Featured image: Frozen in flight, a sculpture between Montague and Whitehall, Michigan.
You don’t say #10, Wednesday, 9 November 2016–On election day, while waiting for our car’s tires to be rotated, the conversation among three of us customers started as harrumphing about the political ads still running on TV, but soon turned to a tastier topic: food.
Simple stuff. One talked about her favorite roast potatoes: B-size red potatoes, cut in half, tossed with olive oil, oregano and basil, cut side down, roasted at 450F for 30-45 minutes or until crisp. Her dinner tonight would include a porkloin cooking in the crockpot.

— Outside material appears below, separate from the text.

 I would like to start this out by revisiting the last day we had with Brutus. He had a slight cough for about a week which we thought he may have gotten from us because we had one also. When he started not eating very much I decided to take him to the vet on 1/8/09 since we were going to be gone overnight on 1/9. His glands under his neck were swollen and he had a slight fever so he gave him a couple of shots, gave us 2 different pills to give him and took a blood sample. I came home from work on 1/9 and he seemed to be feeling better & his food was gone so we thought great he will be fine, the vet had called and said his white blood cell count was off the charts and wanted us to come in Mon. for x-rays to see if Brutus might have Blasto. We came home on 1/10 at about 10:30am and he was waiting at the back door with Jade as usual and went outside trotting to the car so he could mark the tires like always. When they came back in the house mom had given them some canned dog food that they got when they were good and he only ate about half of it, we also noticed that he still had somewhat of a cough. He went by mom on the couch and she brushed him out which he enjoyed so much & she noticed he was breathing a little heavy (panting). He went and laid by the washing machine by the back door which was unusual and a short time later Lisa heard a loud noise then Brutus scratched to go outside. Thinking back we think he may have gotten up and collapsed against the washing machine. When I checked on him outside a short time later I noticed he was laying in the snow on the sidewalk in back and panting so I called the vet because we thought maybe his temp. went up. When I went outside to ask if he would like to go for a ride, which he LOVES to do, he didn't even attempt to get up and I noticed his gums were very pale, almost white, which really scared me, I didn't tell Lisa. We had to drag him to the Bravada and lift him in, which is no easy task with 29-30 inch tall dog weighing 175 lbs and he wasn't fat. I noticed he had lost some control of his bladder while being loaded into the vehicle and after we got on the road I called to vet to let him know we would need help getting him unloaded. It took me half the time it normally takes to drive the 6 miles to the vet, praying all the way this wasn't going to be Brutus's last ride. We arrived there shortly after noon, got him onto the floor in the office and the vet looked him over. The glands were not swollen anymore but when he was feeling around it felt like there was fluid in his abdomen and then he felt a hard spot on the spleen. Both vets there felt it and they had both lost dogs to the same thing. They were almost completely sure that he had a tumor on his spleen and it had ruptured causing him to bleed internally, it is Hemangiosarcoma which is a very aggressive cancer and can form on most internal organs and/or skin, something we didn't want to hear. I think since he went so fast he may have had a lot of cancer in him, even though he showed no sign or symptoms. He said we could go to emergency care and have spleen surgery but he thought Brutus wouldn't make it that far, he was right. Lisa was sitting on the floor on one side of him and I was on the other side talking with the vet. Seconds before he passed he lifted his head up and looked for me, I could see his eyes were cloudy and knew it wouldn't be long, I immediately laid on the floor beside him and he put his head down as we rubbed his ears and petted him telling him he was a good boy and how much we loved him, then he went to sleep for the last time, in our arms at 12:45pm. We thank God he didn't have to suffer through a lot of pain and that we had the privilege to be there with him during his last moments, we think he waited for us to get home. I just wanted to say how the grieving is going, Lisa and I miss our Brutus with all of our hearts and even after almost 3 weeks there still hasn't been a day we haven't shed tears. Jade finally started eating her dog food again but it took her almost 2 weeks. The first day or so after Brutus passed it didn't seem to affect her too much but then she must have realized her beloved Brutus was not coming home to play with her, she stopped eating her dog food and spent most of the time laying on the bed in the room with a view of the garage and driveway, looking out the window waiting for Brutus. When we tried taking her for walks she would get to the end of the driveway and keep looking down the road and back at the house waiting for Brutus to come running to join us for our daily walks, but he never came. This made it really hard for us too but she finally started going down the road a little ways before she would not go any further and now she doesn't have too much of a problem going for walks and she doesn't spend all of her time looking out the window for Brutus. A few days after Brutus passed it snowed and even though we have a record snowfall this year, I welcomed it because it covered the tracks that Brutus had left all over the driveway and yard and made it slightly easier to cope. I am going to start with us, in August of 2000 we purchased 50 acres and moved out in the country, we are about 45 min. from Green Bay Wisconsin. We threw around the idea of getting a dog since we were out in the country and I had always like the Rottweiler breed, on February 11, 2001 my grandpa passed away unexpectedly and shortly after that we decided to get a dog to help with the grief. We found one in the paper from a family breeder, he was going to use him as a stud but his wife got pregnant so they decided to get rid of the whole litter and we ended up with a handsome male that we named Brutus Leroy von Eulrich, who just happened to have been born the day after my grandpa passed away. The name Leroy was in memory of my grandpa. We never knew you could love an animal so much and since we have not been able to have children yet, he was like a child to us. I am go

We were watching cooking tips on TV for a green bean casserole, flaky pie crust, gravy (store in a coffee carafe to keep warm–of all places)–it makes you hungry for Thanksgiving dinner, just throw in a dish of Brussels sprouts for me. Yah, turkey, too, of course.
Our first visit to the Frederik Meijer Gardens & Sculpture Park
Over last weekend we had a delightful visit with friends in Rockford, Michigan, next door to Grand Rapids, followed by a brief color-tour to Montague, Michigan on Lake Michigan.
With Monty and Ginger Williams we visited the Frederik Meijer Gardens & Sculpture Park in Grand Rapids. We got in on the fall chrysanthemum experience. Their brochure notes, “Meijer Gardens is not only a place, it’s an experience that creates a different impression for every admirer of nature, gardens and art.”
We were impressed, and soon realized that the place calls you back to experience both the natural environment and the arts scattered over 158 acres.
I’m intrigued by a businessman who created the Meijer hypermarket chain from a small family grocery store in Greenville, Michigan, and who then created one of the leading cultural destinations in the Midwest. Frederik Meijer (1919-2011) and Lena, his wife, still living, must have had a ball planning and building an internationally renowned horticulture and sculpture experience. We’ll be back.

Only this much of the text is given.